Friday, February 27, 2009

Yikes.

I haven't written in awhile. While I have had many "blogs" written in my thoughts as I drive around, listen to music, and sit awake at night going to sleep (or not), they have not materialized as being busy has taken over my life. I feel like I come up for gasps of air, and then sink back down with more "things to do". Ugh. 2009 is turning out to be a year of to-do's, working really hard, then being told I need to work harder, and growing intellectually,academically and professionally.

Note: this is not at all fun. I think I might rather it be a year for social growth and personal relaxation. Ha. However, there is a season for everything and know God is stirring in me through all this learning and doing. Sometimes I get overwhelmed with all my thoughts because I don't know what they mean or what they "look like"!

If only I had time to "soak it up". That is the problem! Really, I would try to enjoy it more, but hence the "I can't breathe-coming up for air" piece.

This past week, I went to an Ash Wednesday service. I had never been to one of these before but was looking forward to a time to sit and just soak it in.

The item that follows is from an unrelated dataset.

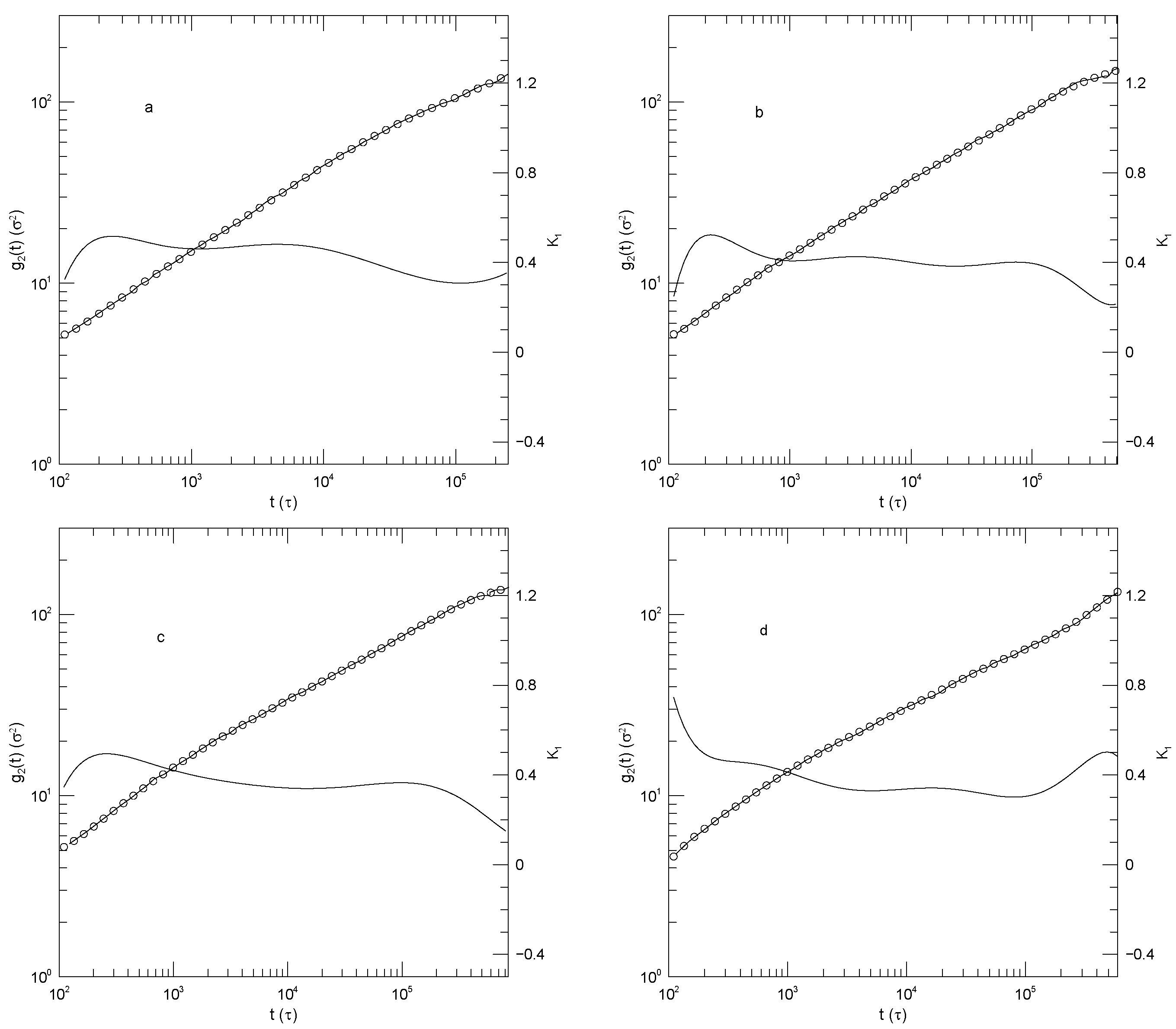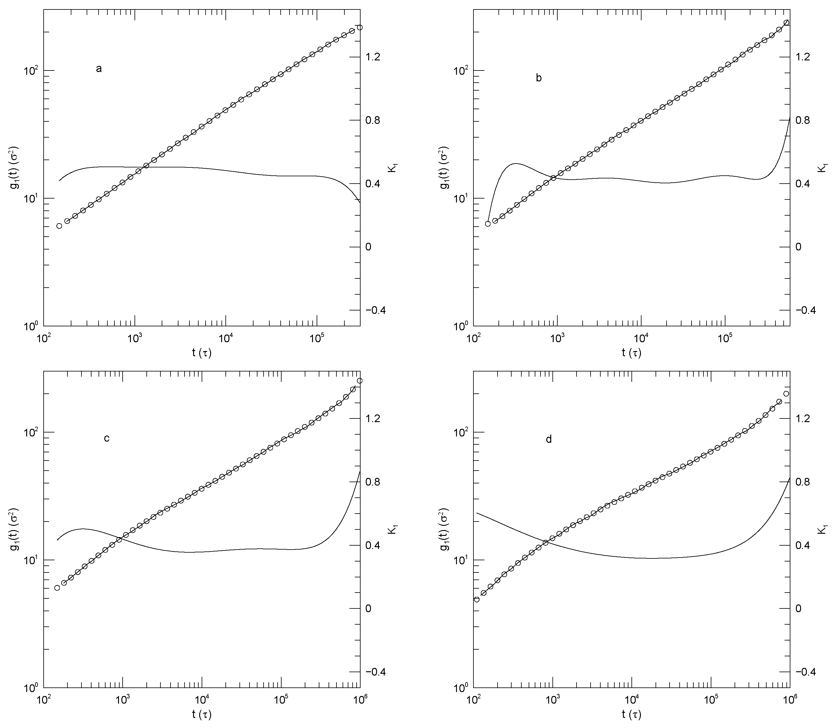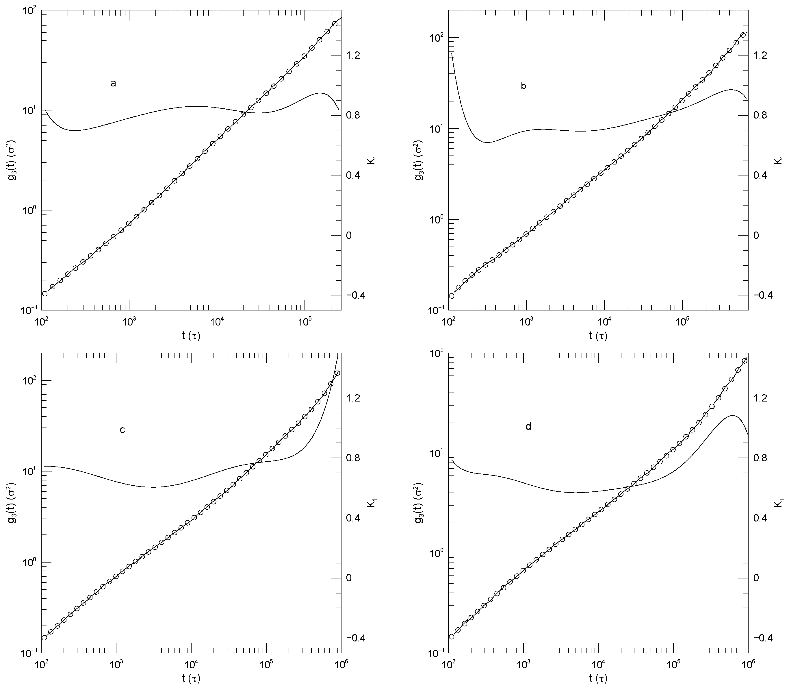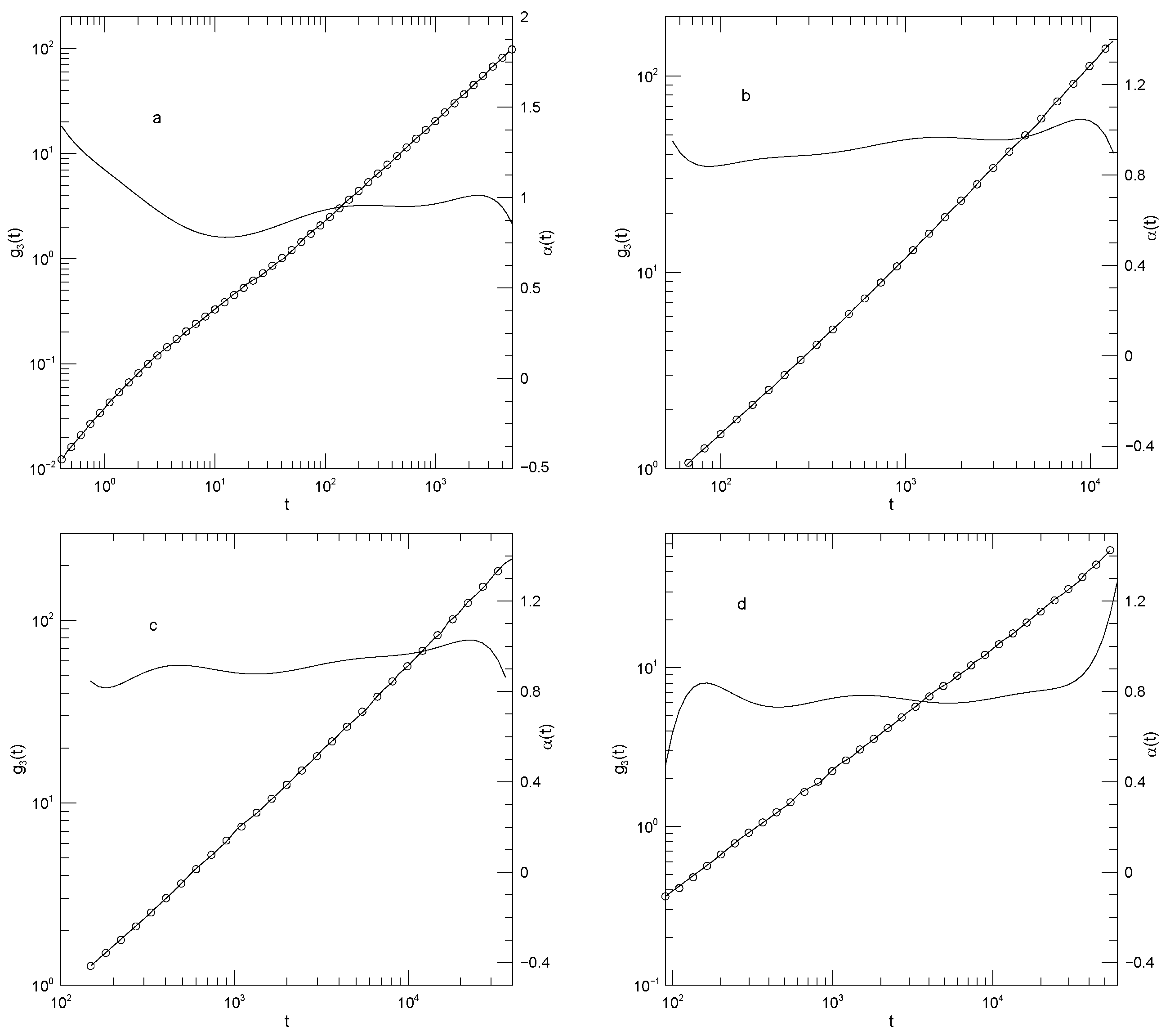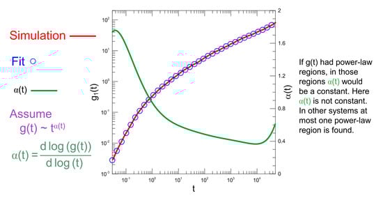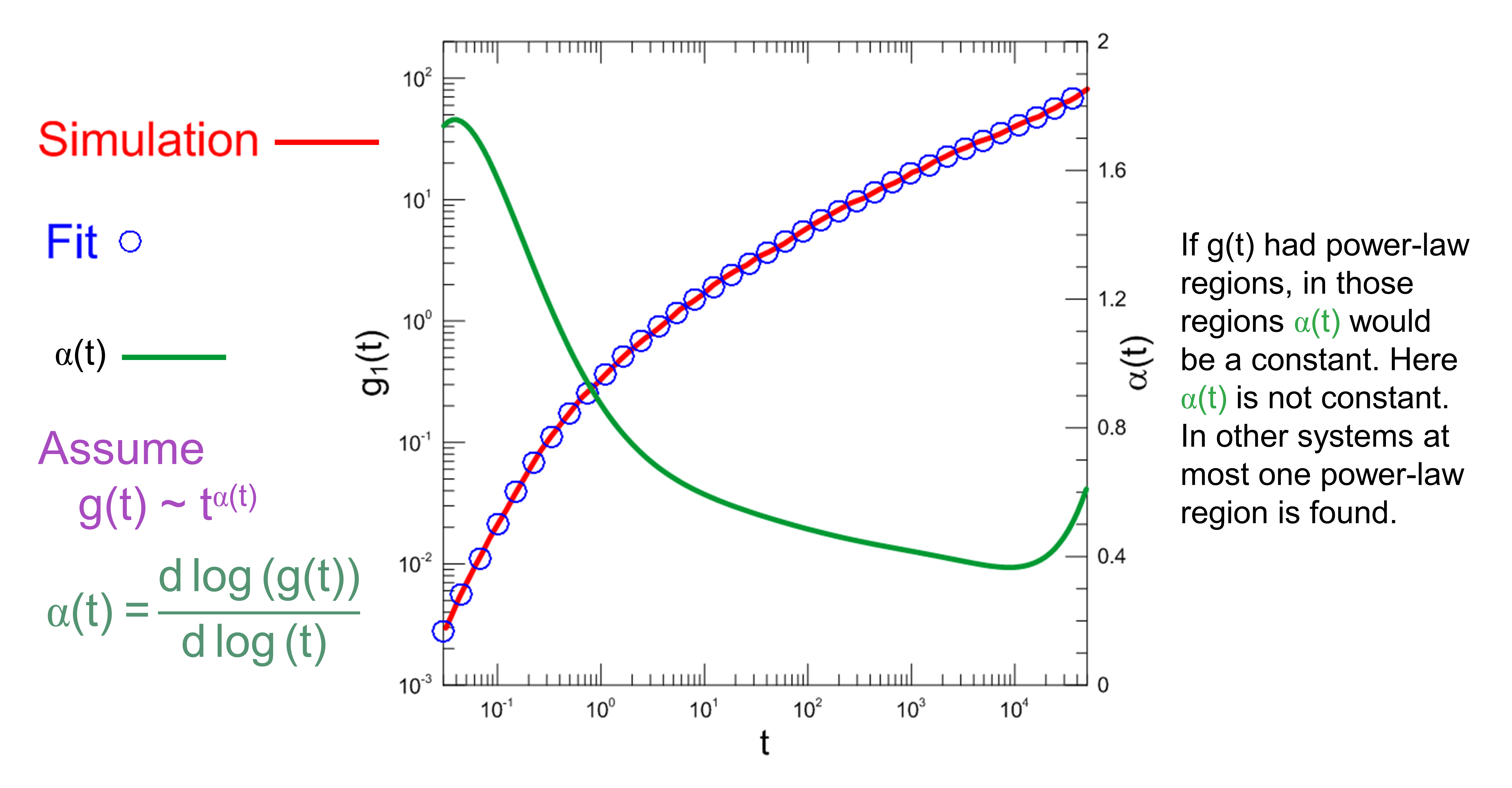 From our fits to log-log plots, we see that at intermediate times , , and have at most a single power-law regime, the time dependence of their logarithmic derivative at all other times being described by a curve of continuously changing slope.

God, quiet, fellowship, something...I came seeking and needed filling up.

Well, the speaker talked about how repentance leads to true joy in salvation. If you have never experienced true repentance, then you cannot experience the joy of the Lord. Why? Because when you are repentant, then you come to the end of all hope in yourself, and know that you need God to save your soul. This is not sad or somber. Not a time for weeping, but a time of overflowing joy, because when we are not enough, Christ is enough, and that is SO great! Make sense? It does to me and that is probably because I feel so inadequate and shitty in myself. Not that I have poor self esteem or confidence - I have a good amount of both- but I know the end of Heather and the beginning of Christ. Really, I am nothing, He is everything. For me, I had to learn the hard way in many things, fall down, fall hard, you get the picture. How do you learn otherwise? Can you know without royally messing up? Or are we all royally messed up just in being? I don't know.

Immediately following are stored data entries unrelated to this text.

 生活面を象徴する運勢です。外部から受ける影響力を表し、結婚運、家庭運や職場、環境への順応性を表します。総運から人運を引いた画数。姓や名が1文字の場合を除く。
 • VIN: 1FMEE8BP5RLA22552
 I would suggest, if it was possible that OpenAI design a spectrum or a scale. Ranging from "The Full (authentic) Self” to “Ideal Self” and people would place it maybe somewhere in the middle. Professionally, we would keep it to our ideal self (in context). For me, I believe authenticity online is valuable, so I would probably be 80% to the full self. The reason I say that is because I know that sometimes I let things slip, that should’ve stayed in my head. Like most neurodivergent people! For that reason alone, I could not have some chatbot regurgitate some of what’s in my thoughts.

Anyways, at the service the people read together these powerful confessions (take a deep breath) ....

"Most holy and merciful Father: We confess to you and before one another that we have sinned in thought, word, and deed; by what we have done, and by what we have left undone. We have not loved you with our whole heart, and mind, and strength. We have not loved our neighbors as ourselves. We have not forgiven other, as we have been forgiven. We have been deaf to your call of serve, as Christ served us. We have not been true to the mind of Christ. We have grieved your Holy Spirit. We confess to you, Lord, all our past unfaithfulness: the pride, hypocrisy, and impatience of our lives; our self-indulgent appetites and ways, and our exploitation of other people. We confess our envy of those more fortunate than us, our intemperate love of money and of worldly goods and comforts, and our dishonesty in daily life and work. We confess our negligence in prayer and worship, and our failure to commend the faith that is within us; our blindness to human need and suffering, and our indifference to poverty, injustice and cruelty. We confess our false judgements, our uncharitable thoughts towards our neighbors, and our prejudice and contempt toward those who differ from us."

YIKES.

I have kept this close and re-read it several times this week. First, it gets me out of "me". Isn't that always the problem? I love the words and the reminders....

Feast on the words and what they mean. Remember there is so much MORE.



1 comment:

Bagwell's said...

Repentance....so good and yes, so freeing. I am experiencing some of that sweet freedom now from the Lord pressing me to repent. I wish we could see eachother often. I love your encouragement and your words. I am thinking about you amid all your stress and "to-do's".